We may be a small step closer to the robot wars thanks to former Apple designer Mike Matas.
Matas’ previous work includes user interfaces for Apple’s Maps, Photos, and Camera apps, as well as the Nest smart thermostat. And he showed off his latest creation, an artificial brain called (appropriately enough) The Brain, via a quick demo on YouTube. It’s a neural network that with an expectedly sharp and clean interface, and in the video, he shows how he can teach The Brain to spit out emojis based on different shapes that he draws.
Check it out below.
This is a pretty basic test, to be sure, but it’s nonetheless impressive because of the simplicity of the interface and the ability to actually see the machine learning over time. Matas starts by telling the computer that it will learn to output various emojis based on shapes, and then he shows it the shapes that correspond to each emoji. So a smile-like, curved line produces a happy picture, and a Z shape represents sleep.
“There’s no preprogrammed rules here that are telling it a curved line means this or that,” Matas says. “It’s all being figured out automatically based on the examples we taught it.”
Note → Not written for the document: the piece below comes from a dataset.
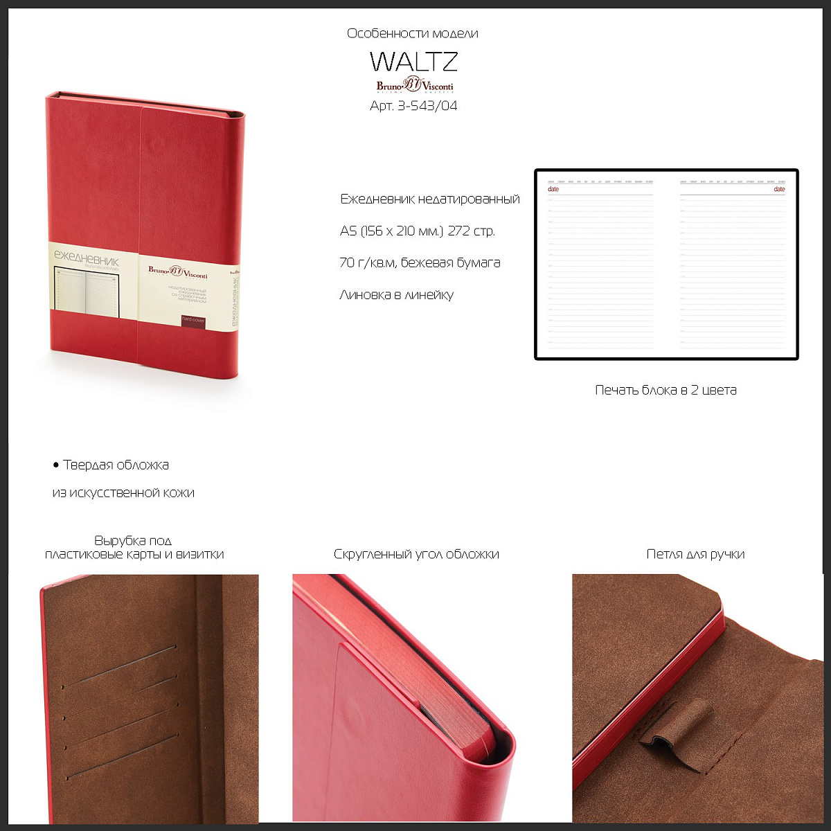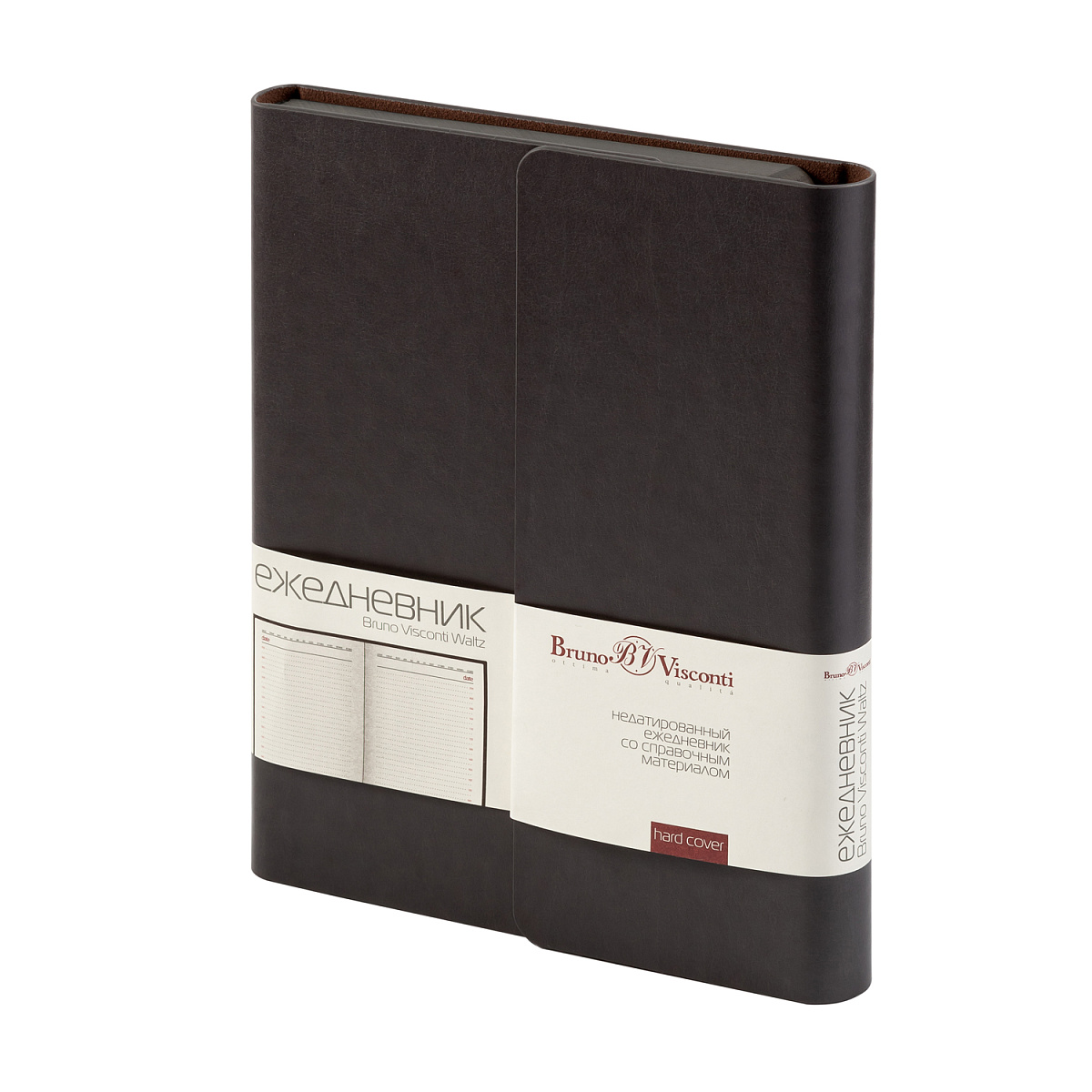 Папка-ежедневник из коллекции "Waltz" порадует любителей нестандартных решений и качественных, стильных деловых аксессуаров. Внутри твердой обложки с магнитным клапаном находится недатированный ежедневник формата А5, закрепленный классическим книжным переплетом. Там же предусмотрена удобная петля для ручки. Материал обложки - искусственная кожа. Бумага - офсет повышенной плотности бежевого цвета. Страницы разлинованы на графы с интервалом в час для четкого планирования дня. Есть раздел со справочной информацией на 18 страницах (Часовые пояса, аэропорты Европы, телефонные коды, температура, единицы измерения, формат бумаги, термины международной торговли, давление, буквенные коды стран, автомобильные коды РФ и СНГ, размеры одежды, скорость, энергетическая ценность продуктов, распад алкоголя в крови, расход калорий при физической нагрузке, города миллионники, страны мира,). На внутренней стороне обложки сделаны вырубки под пластиковые карточки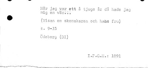 //// När jag var ett å tjugo år då hade jag mig en vän... //// ^ (Visan om skomakaren och hans fru) //// s. 9-15 //// Ödeborg (Dl) //// I.F.G.H.: 1891 ////

You can see this concept at work when the program sees a shape that it doesn’t “know.” At around the 1:20 mark, Matas draws a heart and a teardrop, neither of which The Brain has learned yet. So it makes its best guesses and tosses out a smiley face and a frowny face, respectively. Matas goes back to the teaching mode and provides the proper responses for those shapes, and it doesn’t mistake them for others anymore.
The video also shows off the individual connections and processes that go into associating this shape with that emoji, and the workings underneath that super-clean interface look impressive and complicated.
Matas built The Brain in Quartz Composer, a node-based processing language that’s part of Xcode, the suite of tools Apple and developers use to create both iOS and OS software. We aren’t entirely sure what it can do outside of emoting, but Matas sees a lot of potential.
“It’s sort of crazy on the inside, but on the outside it’s pretty simple,” he says. “The same process that allows it to learn and recognize what this shape means also allows it to learn a whole lot of other stuff. And so it would be interesting to think, if this kind of thing were made a little bit easier to use, what kind of ideas might come out of it.”